What the exercise asks: Below, some lines carry pictures; leave those pictures out and retype exactly the lines from the one with "Гибкая девушка, делающая" through the one with "Camiseta Puma Dry".
BEGIN Given entries
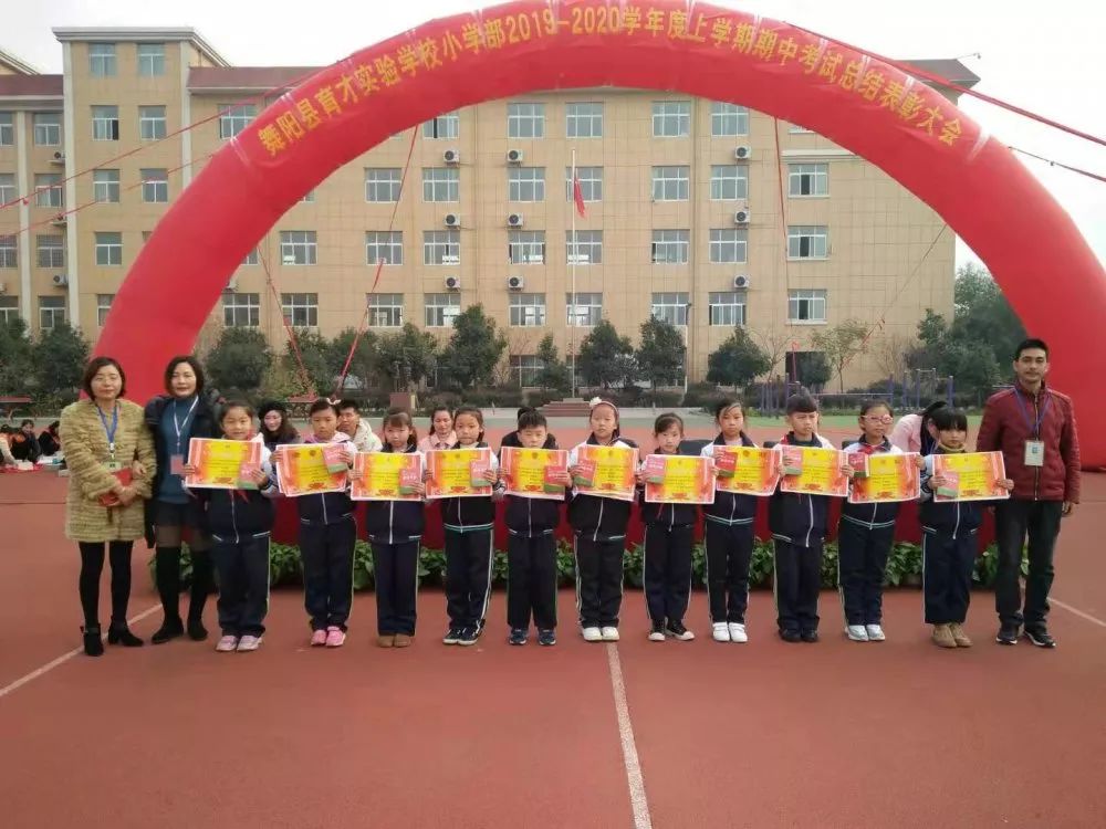 最后,我宣布舞阳县育才实验学校小学部期中考试表彰大会圆满结束!
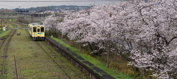 金田駅近くの桜並木を見ながら金田駅へと向かうなのはな号 投稿者 : shortgame様
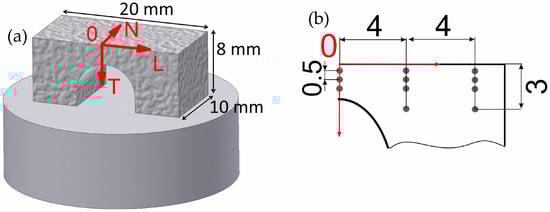 (a) Schematic representation of a bridge sample and its dimensions (T—transversal, L—longitudinal, N—normal); (b) specification of mapped area by synchrotron diffraction and specific points measured on the lateral surface.
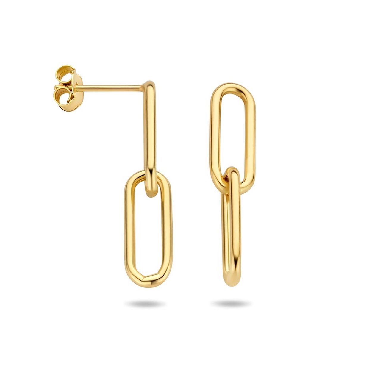 Geelgoud op 925 zilveren oorhangers. De twee schakels hebben een hoogte van 15.5mm en een breedte van 6mm.
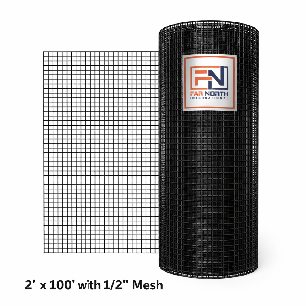 Welded Wire 16 Gauge Vinyl Black 16 Gauge 24″ x 50′, 48″x100′ Mesh 1/2″ x 1/2″ The strong mesh prevents damage and will not loosen if cut into pieces or if under pressure. Thick vinyl coating protects the wire from rusting as well as from harsh weather, from high and low temperatures, and from chemicals. This all-purpose welded wire can be used, for example, for crab/ lobster traps, pet kennels, and garden protection. The durability gives it a long and reliable lifespan.
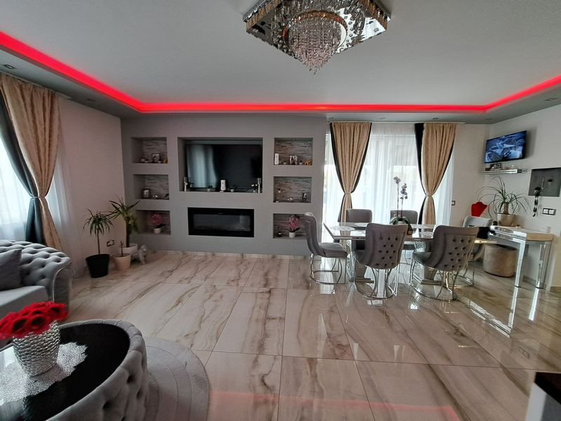 EXTRÁK: elektromos redőnyök, szúnyoghálók, napelem rendszer, 2 db. klíma, riasztó - kamera rendszer, led díszvilágítások, elektromos kandalló, beépített - gépesített konyhabútor (indukciós főzőlap, sütő, páraelszívó, mikró, beépített szemetes), elektromos nagykapu, kerti csap, kuka tároló.
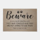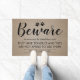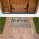 Funny vintage door mat featuring a rustic brown burlap effect background, paw prints, the word "Beware" in an elegant calligraphy font, and humourous sayings about dogs in your household!
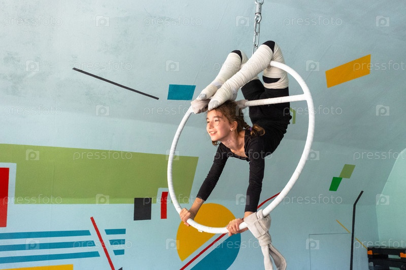 Гибкая девушка, делающая воздушные трюки в цирковой студии, акробатика, безопасность обеспечивается эластичными обертками, занятия детскими видами спорта
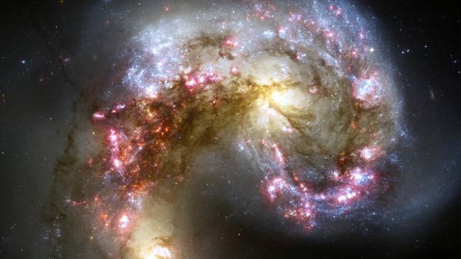 Галактика Антенн ( NGC 4038 и 4039 ) получила своё название благодаря двум огромным длинным выбросам пыли и газа, которые вырваны из этих галактик в процессе слияния. Изначально, несколько сот млн. лет назад, это были две отдельные галактики, которые начали постепенное сближение и слияние друг с другом. Сейчас уже трудно различить, но похоже, что NGC 4038 была классической спиральной галактикой, а её соседка - спиральной с перемычкой. При столкновении галактик, вероятность столкновения звёзд друг с другом крайне мала. Вместо этого сталкиваются протяжённые облака газа и пыли, что даёт толчок к звездо - образованию. В этой галактике как раз и обнаружены области активного звездо - образования. Любопытно и то, что через миллиарды лет, такая же участь ждёт наш Млечный путь и Туманность Андромеды.
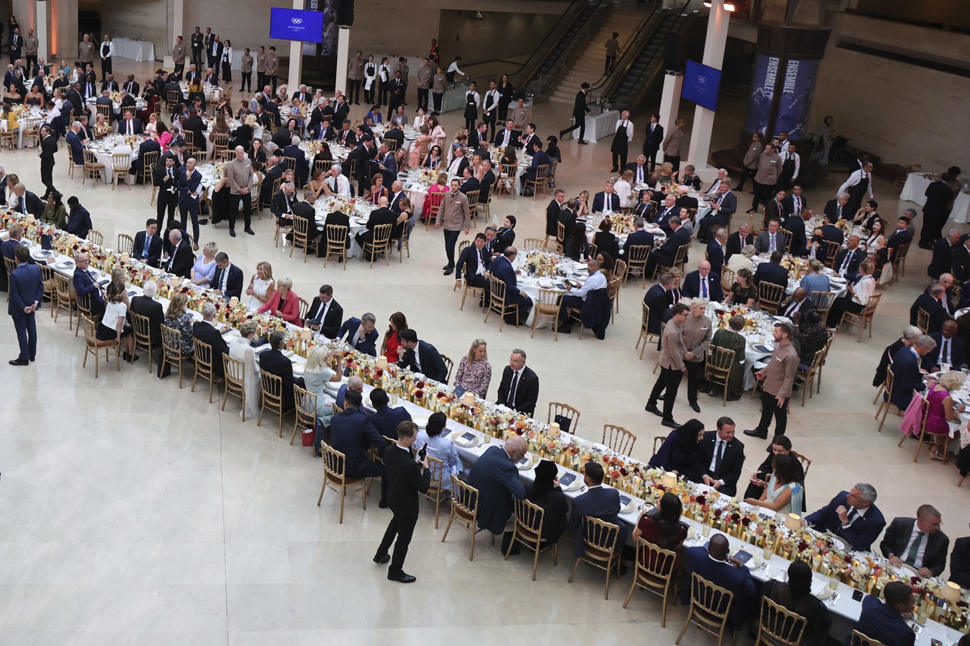 Ο Εμανουέλ Μακρόν υποδέχτηκε το βράδυ της Πέμπτης στο Λούβρο ηγέτες και διεθνείς προσωπικότητες από όλο τον κόσμο για το δείπνο πριν την επίσημη έναρξη των Ολυμπιακών Αγώνων 2024 στο Παρίσι την Παρασκευή 26/07.
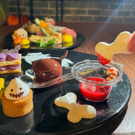 かわいらしいフォルムの★黒猫ムースや★ミニゴースト。★ホネホネマカロンはフランボワーズソースをつけていただきます。他にもかぼちゃや紫イモなどハロウィンテイスト満載のスイーツプレート。さらに、5種のライトミールプレート、ホテルパティシエが焼き上げる自家製スコーン3種の食べ放題(90分)、フリードリンク(90分)、乾杯ノンアルコールスパークリングワインがセットの盛りだくさんのアフタヌーンティーです。
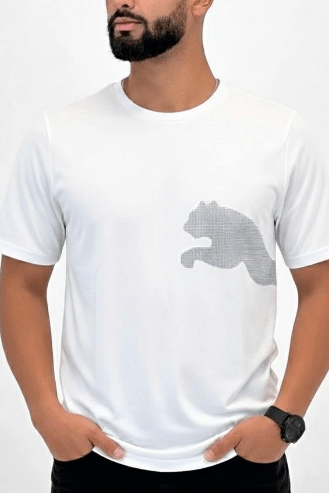 Camiseta Puma Dry Manga Curta Big Logo Masculina 527207 01 Branco
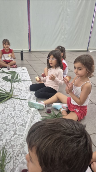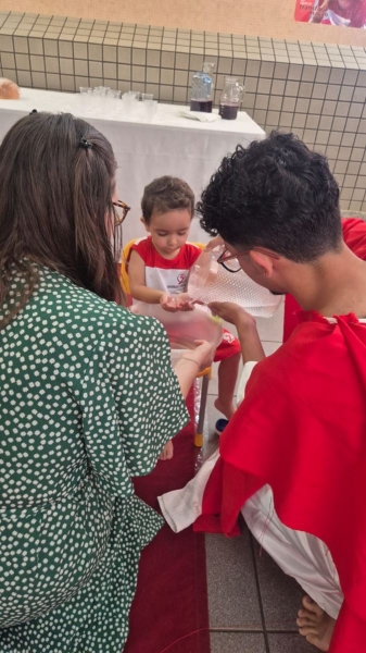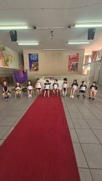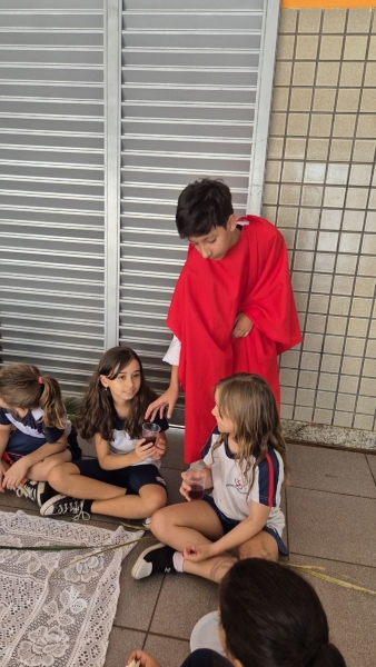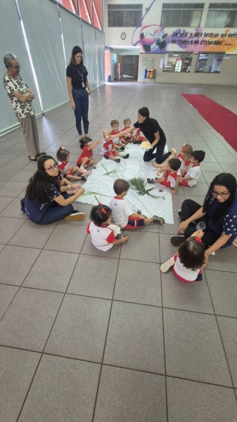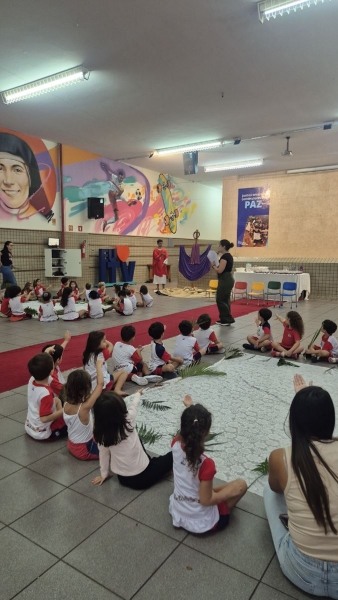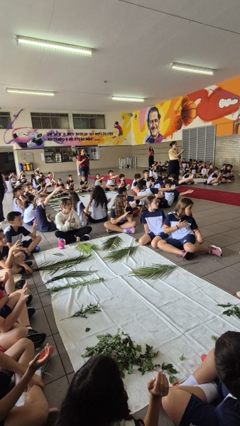 A programação teve início na segunda-feira (30), com encontros voltados à Educação Infantil e aos estudantes dos 1º anos. No período da manhã, as crianças participaram de uma vivência na área coberta da escola, marcada por momentos de oração, escuta e gestos simbólicos que ajudaram a apresentar, de maneira lúdica, o significado da Semana Santa.
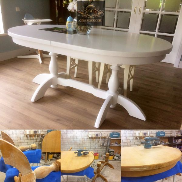 Большой семейный стол за долгие годы пользования потерял свой презентабельный вид, а деревянный каркас стал шатким и неустойчивым. Для сохранения такого предмета мебели понадобятся услуги опытных специалистов. Наши мастера выполнили полное восстановления стола, столешница тщательно отшлифована, устранены все трещины и потертости. Стол был окрашен в белый цвет и покрыт экологически безопасными лаками. Конструкция стала крепкой и устойчивой.
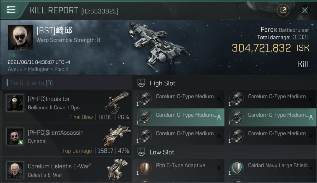 | K. corp | Killer | K. ship | K. class | V. corp | Victim | V. ship | V. class | System | Region | Isk | Date | Killmail |
END Given entries
Problem solution:
 Гибкая девушка, делающая воздушные трюки в цирковой студии, акробатика, безопасность обеспечивается эластичными обертками, занятия детскими видами спорта
 Галактика Антенн ( NGC 4038 и 4039 ) получила своё название благодаря двум огромным длинным выбросам пыли и газа, которые вырваны из этих галактик в процессе слияния. Изначально, несколько сот млн. лет назад, это были две отдельные галактики, которые начали постепенное сближение и слияние друг с другом. Сейчас уже трудно различить, но похоже, что NGC 4038 была классической спиральной галактикой, а её соседка - спиральной с перемычкой. При столкновении галактик, вероятность столкновения звёзд друг с другом крайне мала. Вместо этого сталкиваются протяжённые облака газа и пыли, что даёт толчок к звездо - образованию. В этой галактике как раз и обнаружены области активного звездо - образования. Любопытно и то, что через миллиарды лет, такая же участь ждёт наш Млечный путь и Туманность Андромеды.
 Ο Εμανουέλ Μακρόν υποδέχτηκε το βράδυ της Πέμπτης στο Λούβρο ηγέτες και διεθνείς προσωπικότητες από όλο τον κόσμο για το δείπνο πριν την επίσημη έναρξη των Ολυμπιακών Αγώνων 2024 στο Παρίσι την Παρασκευή 26/07.
 かわいらしいフォルムの★黒猫ムースや★ミニゴースト。★ホネホネマカロンはフランボワーズソースをつけていただきます。他にもかぼちゃや紫イモなどハロウィンテイスト満載のスイーツプレート。さらに、5種のライトミールプレート、ホテルパティシエが焼き上げる自家製スコーン3種の食べ放題(90分)、フリードリンク(90分)、乾杯ノンアルコールスパークリングワインがセットの盛りだくさんのアフタヌーンティーです。
 Camiseta Puma Dry Manga Curta Big Logo Masculina 527207 01 Branco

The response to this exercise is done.